Lines from the opening of the material through the line containing "上圖所示,無(wú)論是男性" must be duplicated word for word. Pictures are not.
─── COLLECTED DATA
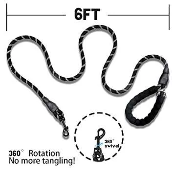 JIMEJV 6 FT Reflective Dog Leash with Poop Bags Comfortable Padded Handle Rope Leash for Puppy Small Medium and Large Dogs Outdoor Walking Playing Exploring
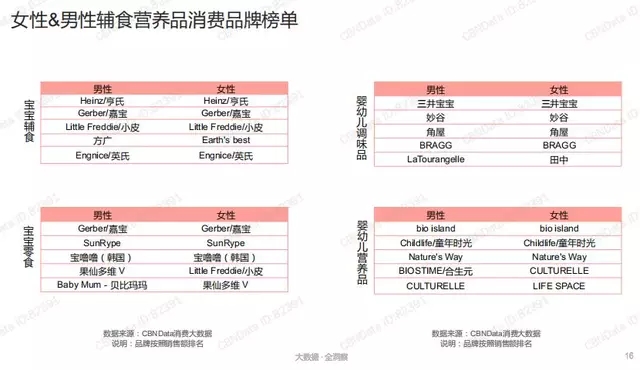 上圖所示,無(wú)論是男性還是女性在輔食營(yíng)養(yǎng)品消費(fèi)品選購(gòu)中都集中在以下幾個(gè)特定的品牌:
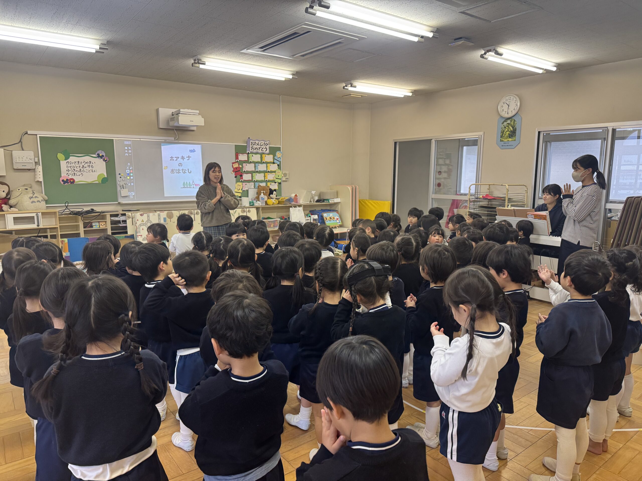 満3歳・年少組 神様のお話 2026.02.25 イベント 今回の神様のお話は、幼稚園をつくってくださったホアキナさまについての絵本を見ました。 ホアキナさまはとてもやさしいお心を持った方ですね。ホアキナさまのように、お友だちやおうちの人にやさしくできると素敵ですね。 2月26日は愛徳幼稚園のお誕生日です。 大好きな愛徳幼稚園がこれからもずっと続いていきますように、あたたかいお心でお祝いしましょうね。
──────
THE COMPLETED TASK:
 JIMEJV 6 FT Reflective Dog Leash with Poop Bags Comfortable Padded Handle Rope Leash for Puppy Small Medium and Large Dogs Outdoor Walking Playing Exploring
 上圖所示,無(wú)論是男性還是女性在輔食營(yíng)養(yǎng)品消費(fèi)品選購(gòu)中都集中在以下幾個(gè)特定的品牌:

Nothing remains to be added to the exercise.